Coding 2023-07-17
Now that I have some ideas for the types involved in the actual parsing part of the Earley parser, I've got a better handle on visualizing its operation, and I've concluded that I do, in fact, need nullability checking. Which is a shame. Loup Vaillant has an explanation of what that's supposed to solve, but I'm going to try phrasing it in terms of my "trying to teach this stuff to myself" code structure.
Basically... Start with the three operations: scanning, prediction, and completion. Now, ignore scanning, because it inherently operates on two distinct state sets, so it's unproblematic in this context. Going over prediction, it does operate on just one state set, but once a prediction has been done, there is guaranteed to be no more work. Now, completion is a little more subtle, because it's unproblematic if the item being completed was started in an earlier state set, which is guaranteed to be the case... unless the symbol is nullable.
There are a few ways to deal with this:
- Retry completions until nothing changes, making sure to bring in predictions as those are added.
- Determine the set of nullable symbols immediately before parsing.
- Determine the set of nullable symbols incrementally, as rules are added.
I kind of don't want to do things the first way, because I suspect that that would end in some weird redundant loops.
So, I need to either have nullability calculations right before parsing, or incrementally. I want doing it incrementally to be a slam dunk, but I suspect that it's not. Basically, if you add a single rule, the immediate question is whether it renders the left-hand-side symbol nullable, but if it does, then every non-nullable symbol has to be checked for whether making that first symbol nullable makes that other symbol nullable. Jeffrey Kegler's note on the nullable stuff presents a linear-time algorithm for detecting nullables. I'm going to try to walk through what doing it incrementally would look like.
So, there are going to be several auxiliary maps. These maps only need to concern themselves with rules that have no terminal symbols. One map from LHS to rules. One map from RHS symbols to sets of rules (including LHS I think). A set of nonterminals with empty rules. A mapping from every non-terminal in the LHSs to whether that is a nullable symbol, false by default.
At this point, things diverge sharply and I kind of have to wing it. I believe I'll have to re-derive the time bounds of what I'm about to propose, if I want to know what they are.
When adding a rule:
- If there are terminal symbols, ignore it.

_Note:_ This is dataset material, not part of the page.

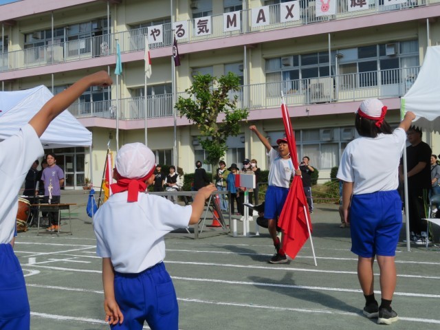 各団で気合いを入れたり、GO!GO!GO!(運動会の歌)を歌ったりして盛り上がりました。もちろん保護者や地域の方々からは「がんばれ!」の温かい拍手が届き、ますます気合いの入った児童でした。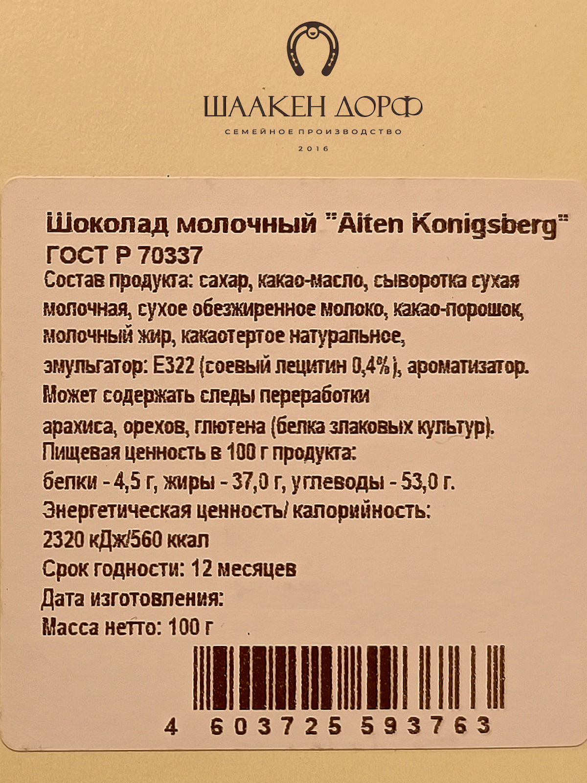 Отзывы — Шоколад молочный 35%, открытка "Alten Konigsberg", SCHAAKEN DORF, 2 X 100 гр

- If the rule is empty, add it to the set of empty rules. Actually, this step and data might not be needed.
- If the LHS is already marked nullable, ignore it.
- If the RHS is made up only of nullable symbols, mark the LHS as nullable, and then, iterate over every rule with the LHS in the RHS, to see whether any of those rules now have only nullable symbols in the RHS. If so, mark the associated LHS as nullable and recurse.
I'm honestly missing what anything besides the RHS map and the nullability map is accomplishing in this, so I'm going to see how far I can get with just those.
One thing I note is that, once a symbol has been marked nullable, there's no reason to check any rules with that LHS, so it could be efficient to remove such rules from the RHS sets. Potentially there could be a different way to store the RHS data other than literally, like as sets of symbols not known to be nullable. Then, when a set gets to zero, mark the LHS as nullable and cut down on stuff. You know, stuff.
I think this is enough to get started with tweaking the representation. Looking over it, I'm highly skeptical that what I have in mind is worst-case linear, but it shouldn't lead to any huge degradations in grammars that don't "need" this stuff.
One more pass at trying to make sense of this:
To mark a rule nullable, check the RHS table. It should be safe for the RHS table to contain tables from the LHS to the sets of symbols not known to be nullable. When a symbol is marked nullable, then that means that it needs to be removed from every other entry. For each other RHS symbol, put together a set of LHS symbols to check. If any LHS symbol is associated with the set of just the nullable symbol, then that symbol has to be marked nullable on the next pass. For LHS symbols with other sets, those sets represent RHS symbols that need to be updated; doing so is guaranteed not to produce more nullable symbols.
I'm still not sure about the time bounds, but I think I can get this to make sense, so I'm going to take down some notes on how I need to change up stuff, and then get to bed.
Good night.